■ About this task: Exclude all pictures, then write out exactly the lines below from the first one through the line with "Ответ на задание".

--- Study material Enclosed Below ---

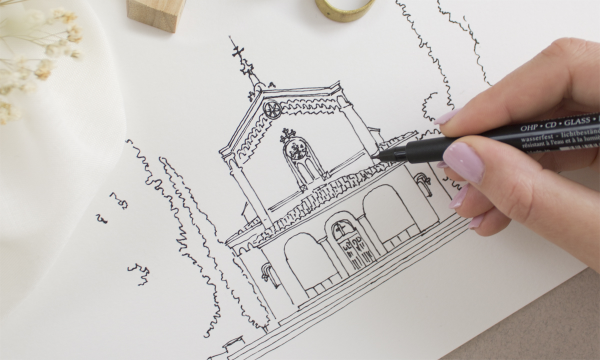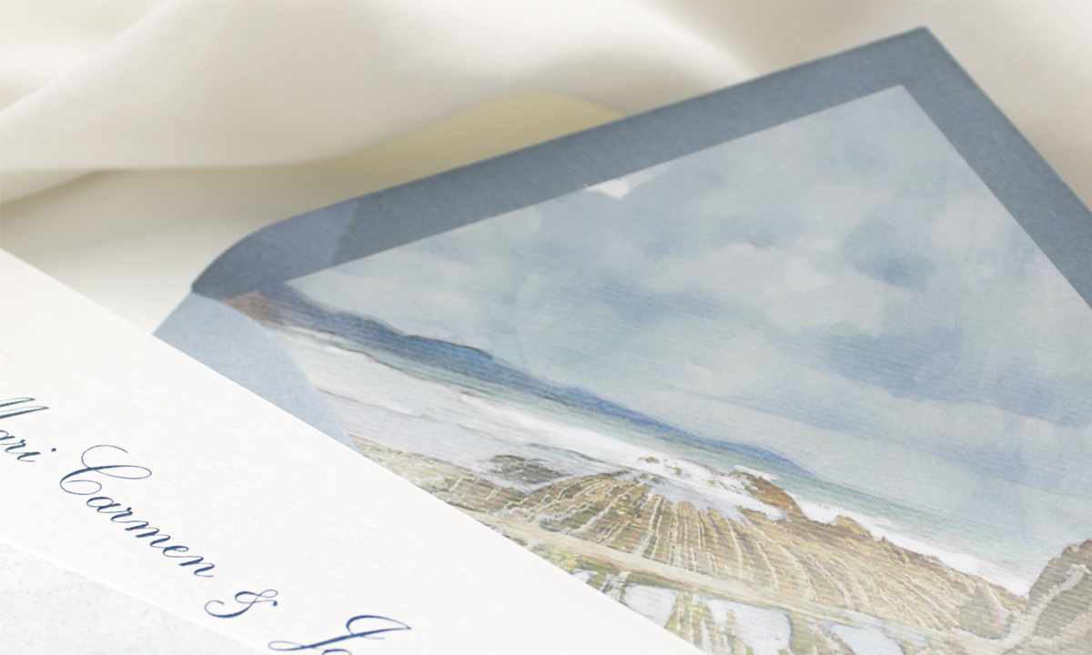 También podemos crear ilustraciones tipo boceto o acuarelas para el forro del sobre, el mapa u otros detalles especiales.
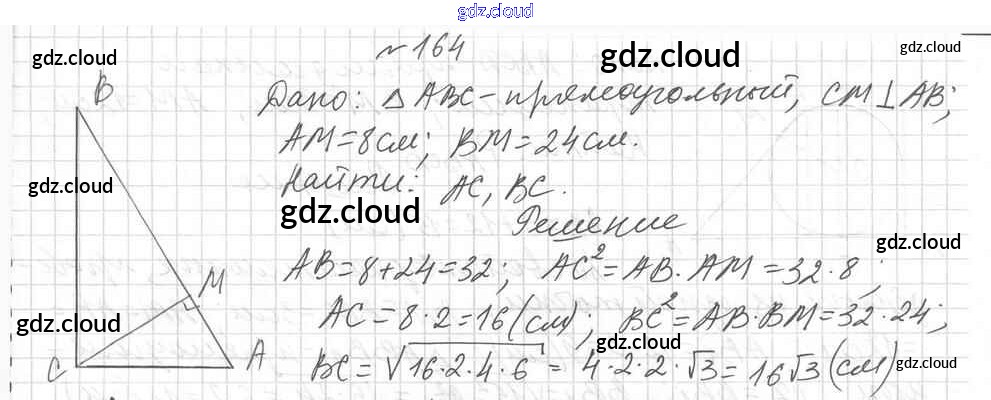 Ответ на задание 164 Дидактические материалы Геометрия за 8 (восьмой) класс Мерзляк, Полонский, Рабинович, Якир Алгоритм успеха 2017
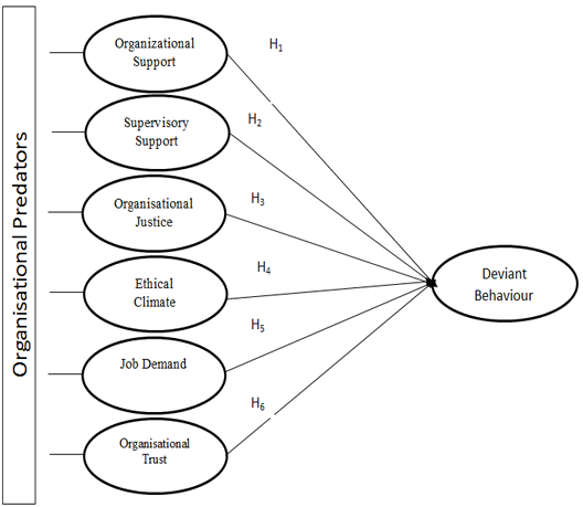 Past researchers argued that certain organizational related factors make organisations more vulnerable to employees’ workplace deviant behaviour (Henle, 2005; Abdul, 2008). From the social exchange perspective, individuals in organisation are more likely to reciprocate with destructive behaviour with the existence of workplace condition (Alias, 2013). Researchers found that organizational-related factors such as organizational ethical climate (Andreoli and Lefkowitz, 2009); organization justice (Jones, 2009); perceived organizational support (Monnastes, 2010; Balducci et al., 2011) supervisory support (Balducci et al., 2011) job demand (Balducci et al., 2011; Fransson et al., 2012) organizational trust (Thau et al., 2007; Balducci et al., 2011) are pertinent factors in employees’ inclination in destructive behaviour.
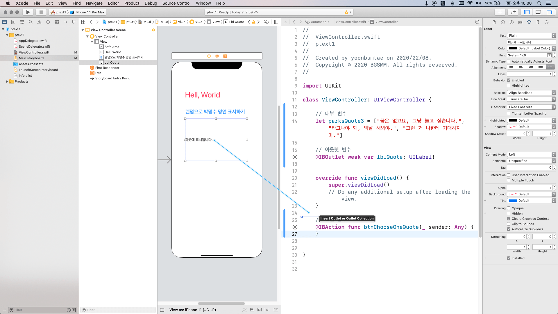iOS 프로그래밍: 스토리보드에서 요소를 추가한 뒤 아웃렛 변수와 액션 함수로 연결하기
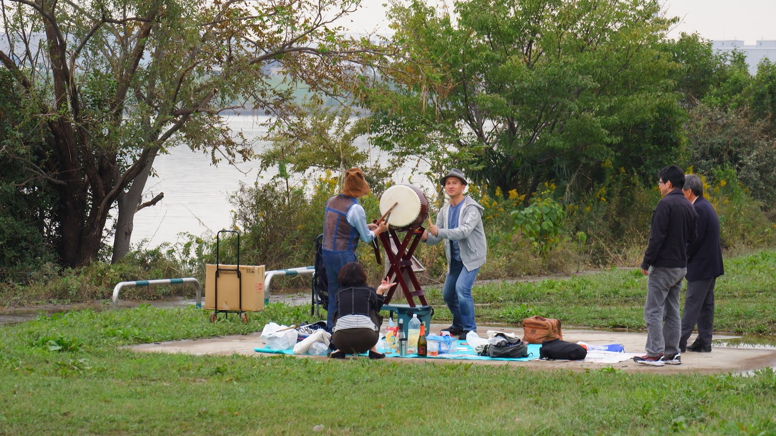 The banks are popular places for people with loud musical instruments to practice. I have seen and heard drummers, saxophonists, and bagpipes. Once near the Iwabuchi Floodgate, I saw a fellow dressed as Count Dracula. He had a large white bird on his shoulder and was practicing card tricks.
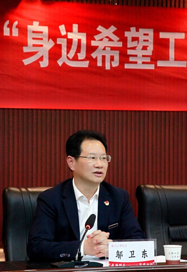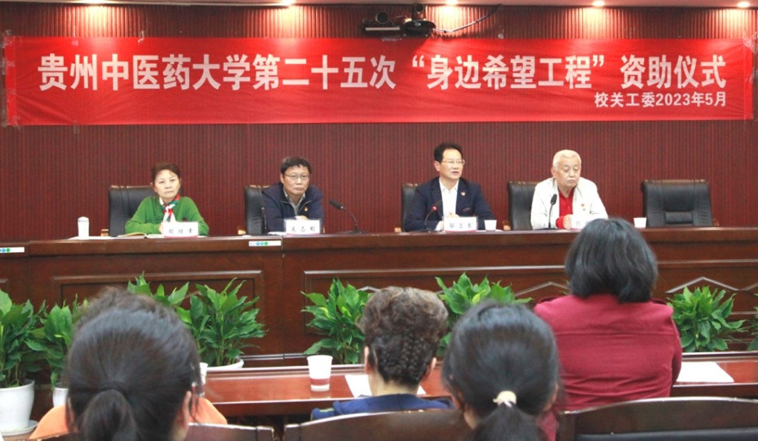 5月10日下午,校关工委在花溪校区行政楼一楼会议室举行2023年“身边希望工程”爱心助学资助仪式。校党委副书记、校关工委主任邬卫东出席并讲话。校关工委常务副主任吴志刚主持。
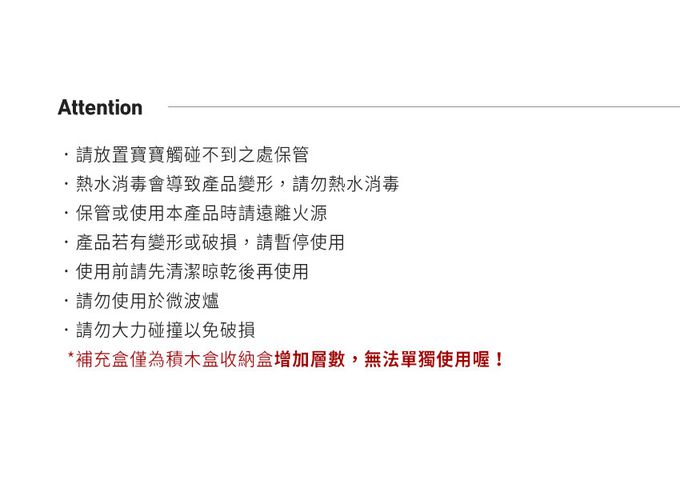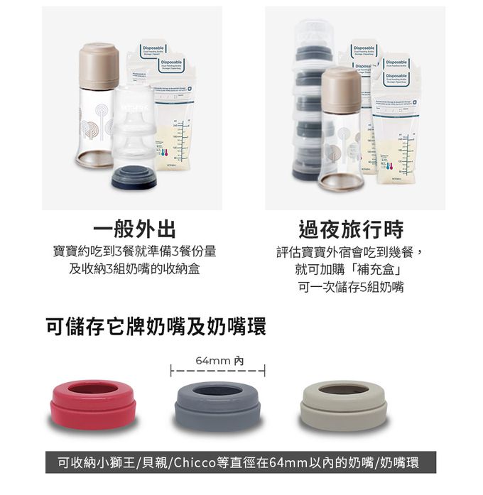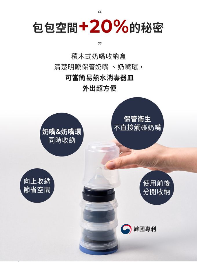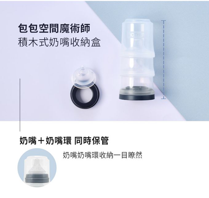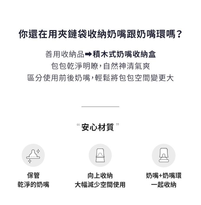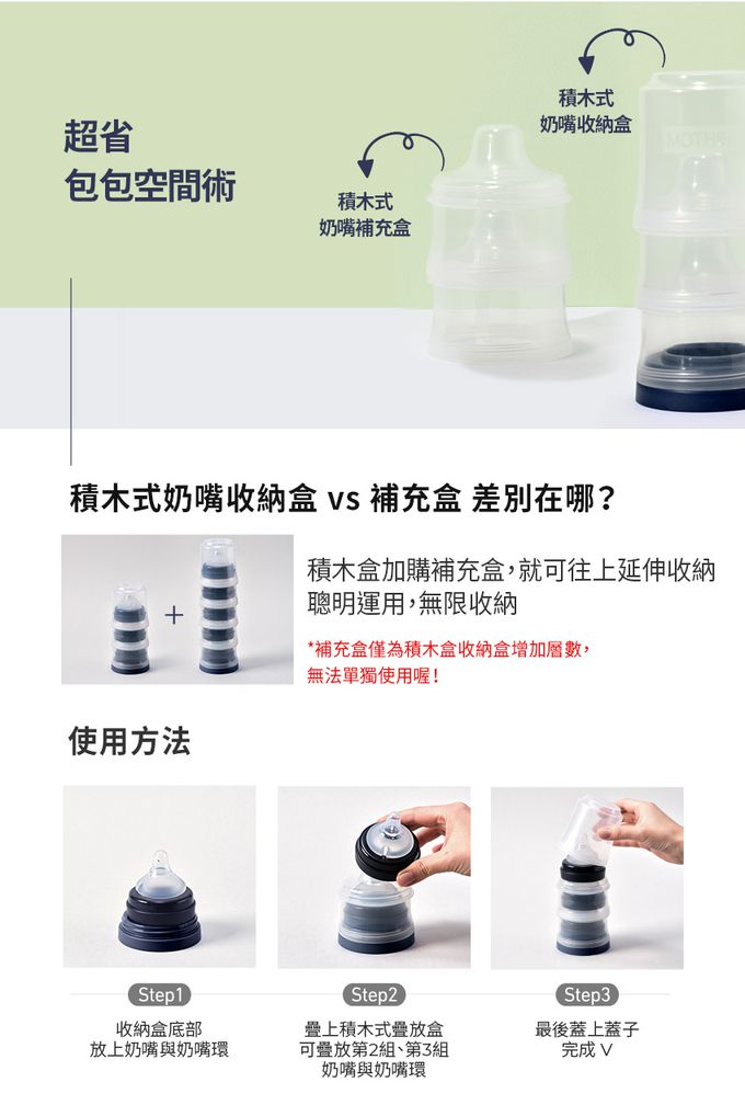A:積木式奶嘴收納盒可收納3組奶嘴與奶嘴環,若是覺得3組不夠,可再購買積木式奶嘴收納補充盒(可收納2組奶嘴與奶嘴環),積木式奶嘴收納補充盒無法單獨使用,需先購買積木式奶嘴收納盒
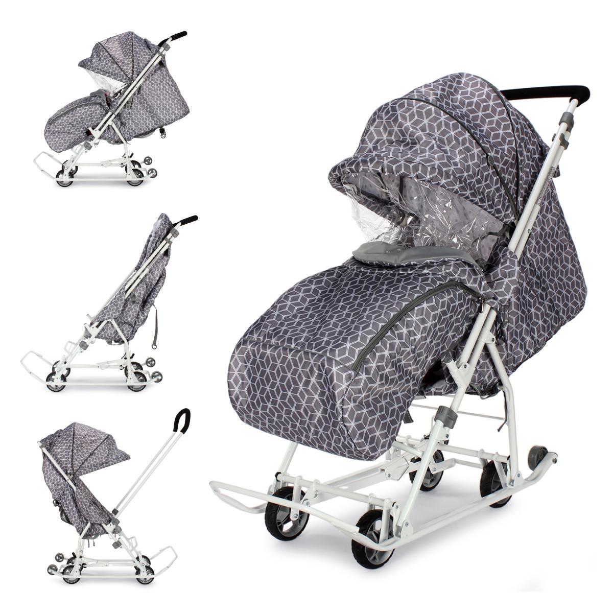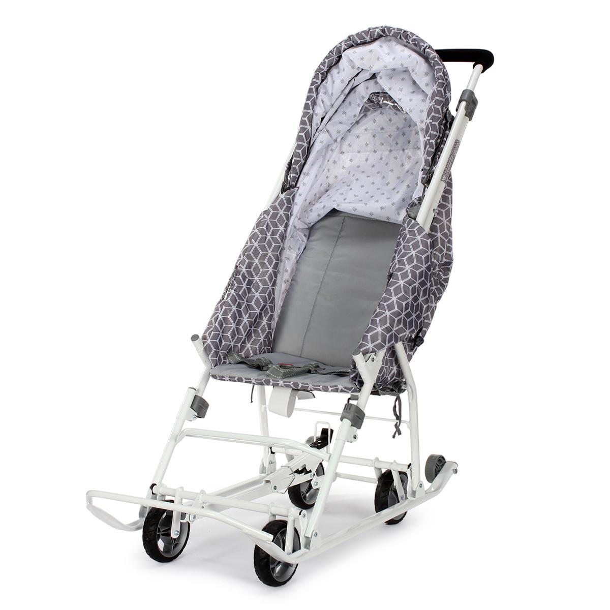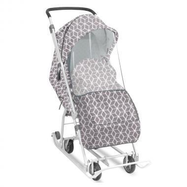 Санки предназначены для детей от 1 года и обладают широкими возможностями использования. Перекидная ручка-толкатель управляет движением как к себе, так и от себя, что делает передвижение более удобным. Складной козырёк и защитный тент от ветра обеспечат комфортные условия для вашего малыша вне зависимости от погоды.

--- End of Enclosed Study material ---

■ Exercise output:
 También podemos crear ilustraciones tipo boceto o acuarelas para el forro del sobre, el mapa u otros detalles especiales.
 Ответ на задание 164 Дидактические материалы Геометрия за 8 (восьмой) класс Мерзляк, Полонский, Рабинович, Якир Алгоритм успеха 2017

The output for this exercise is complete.